• _Work task_
Starting from the top of the entries below and ending with the line containing "Für den Kunden", restate every line word for word, pictures omitted.

Entries taken from a collection

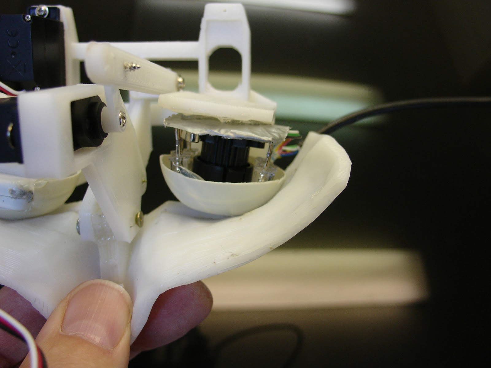 Now fix EyeMoverSide through EyeCamera to the actuator of the servo. You can also mount a second servo instead of using EyeMoverSide.
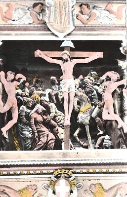 BG 4 - Utelle (A.-M.) - Alt. 800 m. Eglise St-Véran - Retable de la Passion (fin XVIe s.), en bois sculpté - La Crucifixion
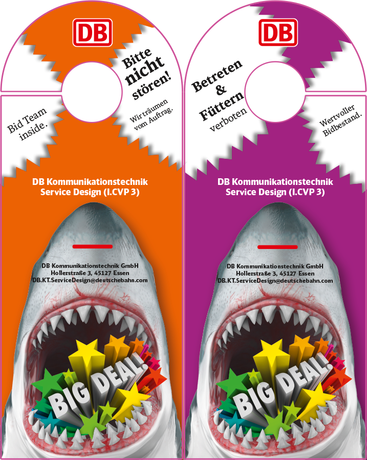 Für den Kunden DB Service Design gestalte ich nicht nur einen, sondern gleich vier Türanhänger mit dem Motto „Big Deal“. Mit individuellem Design und perfekter Anpassung an die Stanzform sorgen sie für Ruhe und Entspannung.
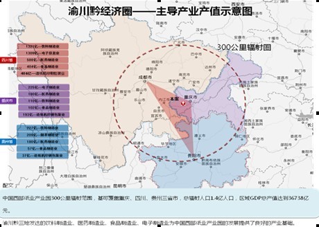 中國(guó)西部紙業(yè)產(chǎn)業(yè)園300公里輻射范圍,基可覆蓋川東食品醫(yī)藥電子信息產(chǎn)業(yè)帶(食品飲料產(chǎn)值382,電子信息284億,生物醫(yī)藥100億),環(huán)渝食品醫(yī)藥產(chǎn)業(yè)集群(食品產(chǎn)值102,電子信息112億,生物醫(yī)藥105億,煙草40億),黔東北煙酒產(chǎn)業(yè)發(fā)展區(qū)((白酒產(chǎn)值660億,煙產(chǎn)值132億)。總輻射人口1.4億人口,區(qū)域GDP總產(chǎn)值達(dá)到36738億元。
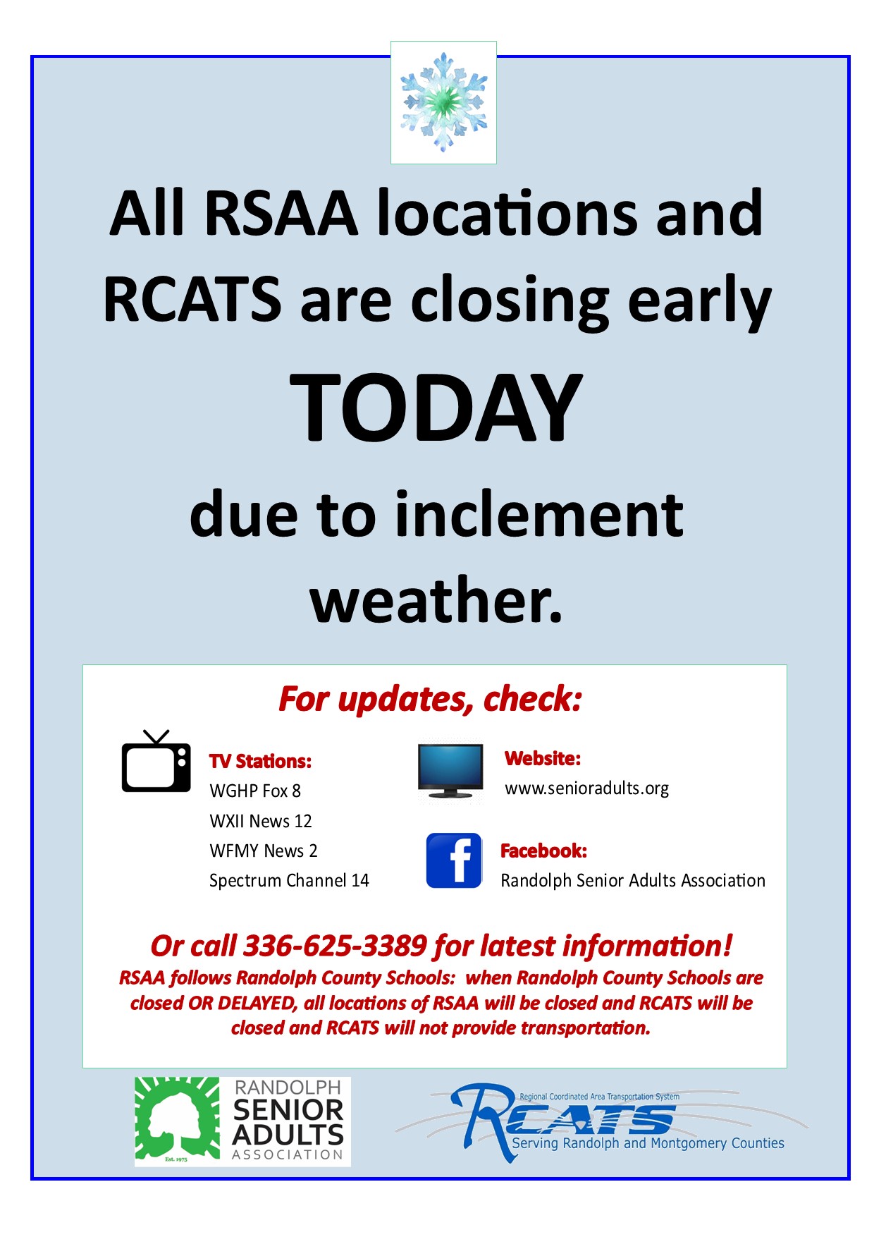 The Randolph Senior Adults Association and RCATS (Randolph County) follows the Randolph County Schools Inclement Weather Plan.
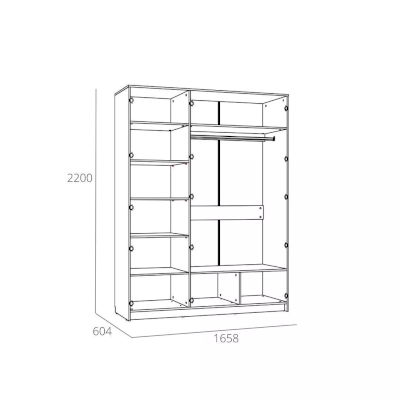 С комбинированным шкафом Livorno НМ 013.57 Х в спальне не придется устанавливать дополнительную мебель для хранения одежды. В левой части модуля находится секция с пятью полками для белья. Правую часть шкафа занимает отделение с овальной штангой, которая способна выдержать много тяжелой верхней одежды. Антресольная полка подходит для хранения объемных вещей, а нижняя полка – для размещения коробок с обувью. Зеркальный фасад расширяет функционал шкафа и увеличивает пространство комнаты.
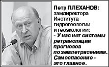 А у нас свой, новаторский метод. С одной стороны, строители не тратят лишние средства на возведение сейсмозащищенных зданий, поскольку они гораздо дороже. С другой - никто не заморачивается на развертывании современной сети наблюдательных точек. С третьей - даже если всех предупредить, из города никто не выедет: все основные транспортные артерии будут мгновенно парализованы. Эту информацию подтвердил замначальника алматинского департамента по ЧС Юрий ИЛЬИН. Департамент вроде бы написал в прокуратуру и та должна разобраться, почему строят за "красной линией", выделяют не по теме земельные участки и так далее (виноватым, видимо, признают бывшего акима Алматы ХРАПУНОВА).
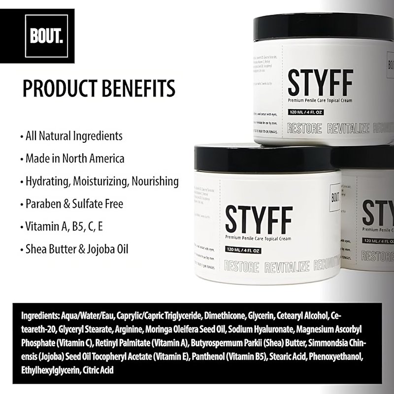 - Take back you confidence: STYFF’s penile health cream allows you to take back the physical confidence you deserve by directly improving your penile health.
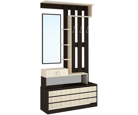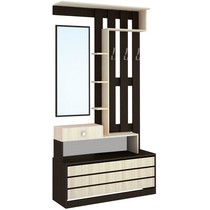 Центральная секция состоит из тумбы, вешалки для верхней одежды, полки для головных уборов, стеллажа и зеркала.
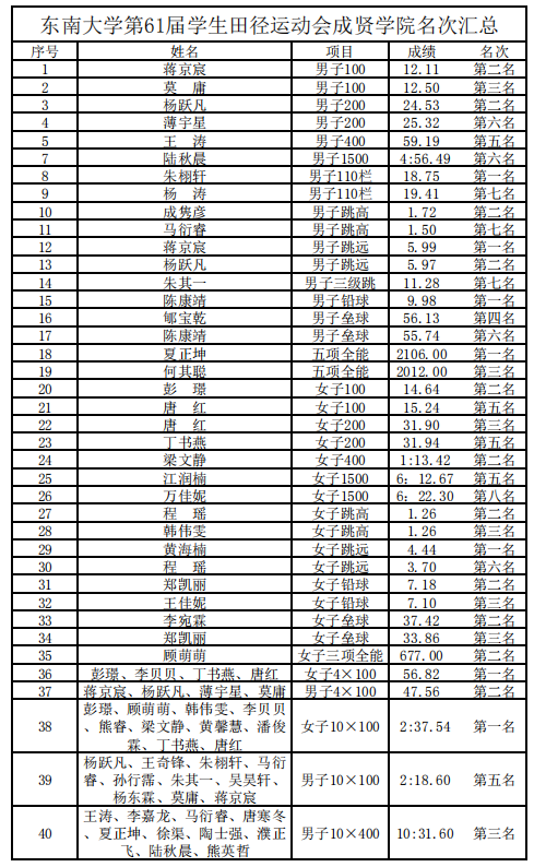 近日KY开元集团官网入口第61届学生田径运动会圆满结束,我院田径队运动健儿取得了男女团体总分第二名(第一名为交通学院)的傲人成绩,同时还获得男子团体总分第二名和女子团体总分第二名(获奖名单附后),所有参赛运动员都展现出了成贤学子求真求美、成人成贤的风采。
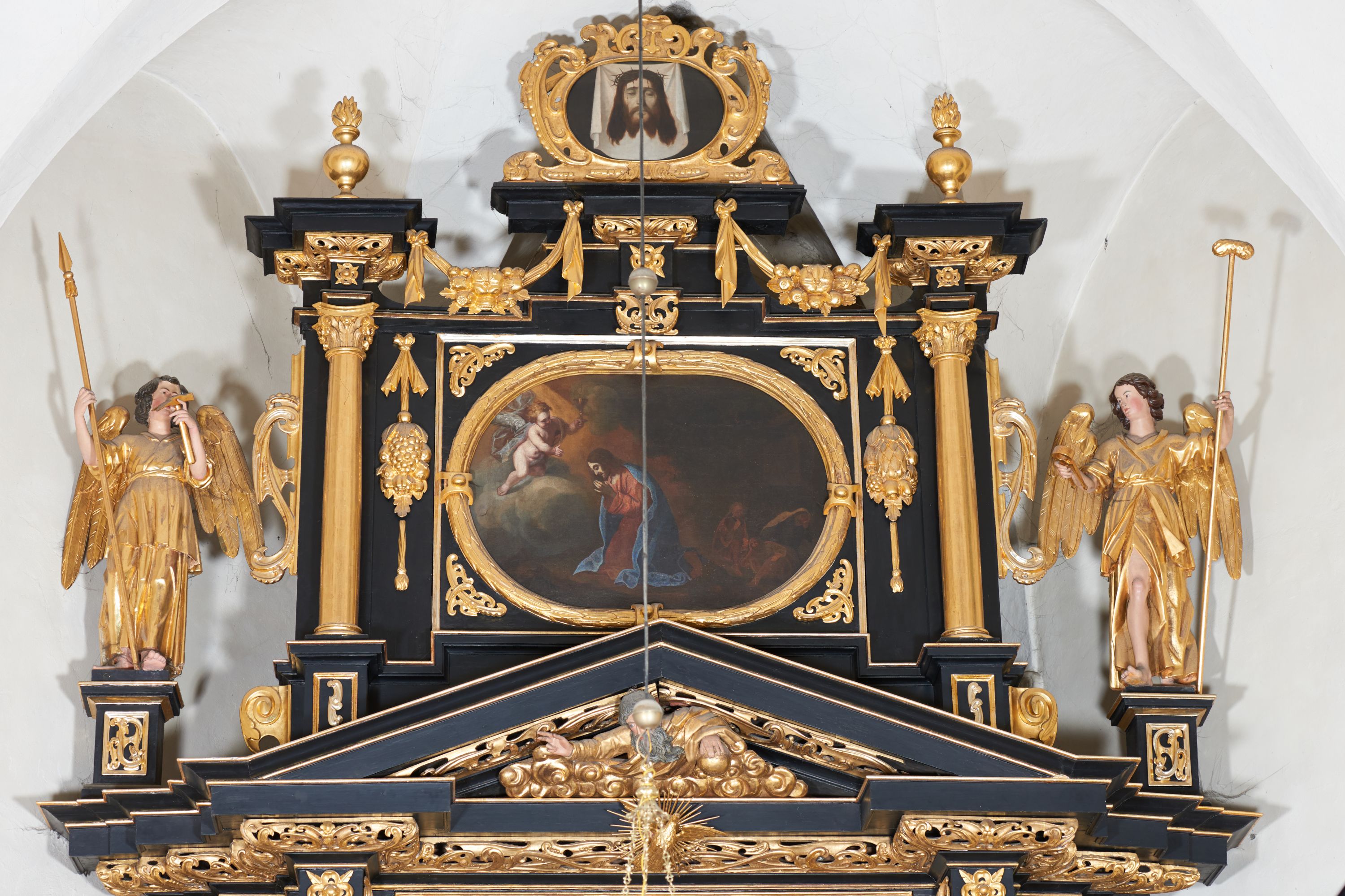 Anioł ukazany w całej postaci, stojący na postumencie po prawej stronie drugiej kondygnacji retabulum. Zwrócony frontalnie, w kontrapoście, z głową skierowaną w stronę ołtarza. Ciężar ciała oparty na lewej nodze, prawa zaś wysunięta w przód. Twarz owalna, osadzona na szerokiej szyi. W twarzy widoczne małe oczy, wąski, delikatnie zadarty nos, niewielkie usta oraz wystająca do przodu, okrągła broda; brązowe, kręcone włosy spływają na kark. W lewej ręce anioł trzyma włócznię z nabitą gąbką, a w prawej obcęgi. Ubrany jest w długą suknię odsłaniającą prawą nogę oraz szatę wierzchnią, przepasaną w talii sznurem; skrzydła złożone.

• _Your response_
 Now fix EyeMoverSide through EyeCamera to the actuator of the servo. You can also mount a second servo instead of using EyeMoverSide.
 BG 4 - Utelle (A.-M.) - Alt. 800 m. Eglise St-Véran - Retable de la Passion (fin XVIe s.), en bois sculpté - La Crucifixion
 Für den Kunden DB Service Design gestalte ich nicht nur einen, sondern gleich vier Türanhänger mit dem Motto „Big Deal“. Mit individuellem Design und perfekter Anpassung an die Stanzform sorgen sie für Ruhe und Entspannung.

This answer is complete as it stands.